Serena Williams: a limitless legacy

Caroline Hendrix, Senior Writer

Serena Williams is the greatest tennis player of all time, and here’s why.

As Williams played her last match at the 2022 US Open earlier this month, I wanted to investigate what she did for the game, its players and its fans. This investigation starts in her earlier days and ends at present-day. 

Williams claims to have first touched a racquet before the age of three. Her tennis journey began so young and alongside her older sister Venus. Williams owes her early growth to Venus before her professional career had begun.

In her Vogue essay, she explained that she was not playing well enough to play in some of the tournaments that Venus was in but still traveled with her and used Venus’ mistakes on the court as learning experiences to improve her own game. She notes a unique experience of being able to learn from mistakes without making them herself in those early days.

This, coupled with the commitment that she has made to the game, has transformed it forever. The Washington Post describes two major ways in which Serena’s career has and will be transformative: through her talent and character. 

A lot of her greatness lies in the fact that Williams has unmatched talent on the court. Her six US Open singles titles and 23 grand slam titles, a record in the open era, speaks to that talent. The Washington Post explained that Williams and her sister Venus challenged the “serve-and-volley era of women’s tennis,” as their refined mechanics and technique allowed them to use serves as a way to win points rather than solely start them.

The New York Times talks additionally about their use of an open-stance backhand, a swing or drive volley, early opening of the backhand, and going after second serves that elevated their game to the top. The ability for Serena and Venus to hone in on these skills and use them to win is also what changed the standards for other players who then had to adapt in order to compete. 

Williams’ character on the court as someone who can use passion to their advantage created a game that captivated watchers. Tennis World USA deems Serena’s last match as the most watched in ESPN history with a whopping 4.8 million viewers.
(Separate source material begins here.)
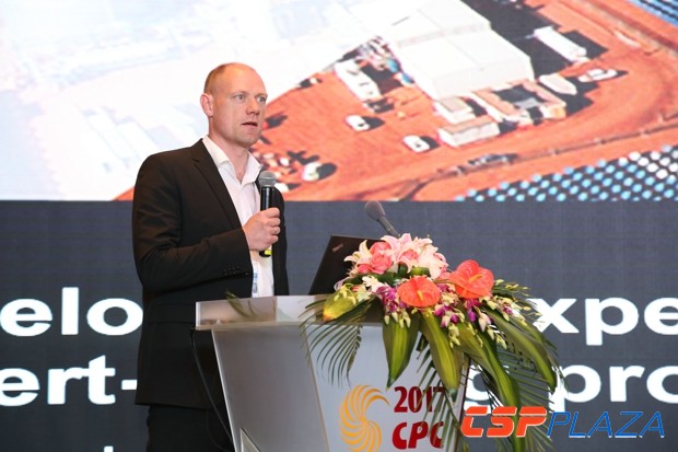 CSPPLAZA光熱發電網訊:中國光熱發電行業最大規模、層次最高的國際性年度盛會中國國際光熱電站大會暨CSPPLAZA年會2017(CPC2017)于2017年6月14~16日在杭州召開。丹麥AalborgCSP項目開發工程師JanKragb?k就Sundrop沙漠農場光熱綜合能源利用項目的開發經驗作專題報告。報告介紹了該項目從設想到實際建設再到運維的全過程,并著重向來賓介紹了該項目中太陽能光熱技術的應用。

As the New York Post puts it, “No one wanted to let her go.” T

hey are watching for the skill and the wins that back it, but they are also watching for Serena herself. In her Vogue essay, Serena explains that “thanks to opportunities afforded to [her], women athletes feel that they can be themselves on the court. They can play with aggression and pump their fists. They can be strong yet beautiful.”

Serena’s fans watch her matches for this energy along with the power that she owns and proves through her wins. I think that this trailblazing for other women into the game and into other sports is what makes her the greatest because the impact of her career is felt beyond her majors and her technique. A great player impacts other players, the game and even other games: Serena has done just that. 

What other professionals have said about her impact substantiates this point. A Washington Post article captures Chanda Rubin’s description of how Serena has transformed the way in which Black women value themselves in the sport and in contracts, explaining Serena as “owning her value” and “[setting] the market.”

Coco Gauff similarly has taken away from Serena’s career a desire to “not settle for less” as Serena pushed the boundaries of tennis and what it means to be a Black woman in the sport. Naomi Osaka categorizes herself as a “product” of how Serena’s work has brought so many people to the sport that had not previously been represented.

What other players owe to Serena speaks to the legacy that she has left throughout her career and to a portion of what that legacy will be following her retirement. 

Serena is the greatest tennis player of all time because her technique and drive has elevated the game and those who engage with it. So while Williams is “evolving” away from her tennis career as she puts it, the work that she has put into refining her skill and creating a space that welcomes women and people of color remains.

Her Vogue essay talks about a conflict between wanting to continue playing tennis and wanting to focus on other areas of her life, including her family and growing her company Serena Ventures. She talks about being ready for whatever comes next, and I could not agree more.

What Williams has done for tennis and the people engaging with the game is unmatched, and if her impact on the sport is any indication of what she can do for other industries and spaces, then I suggest we all keep a close watch on her next steps.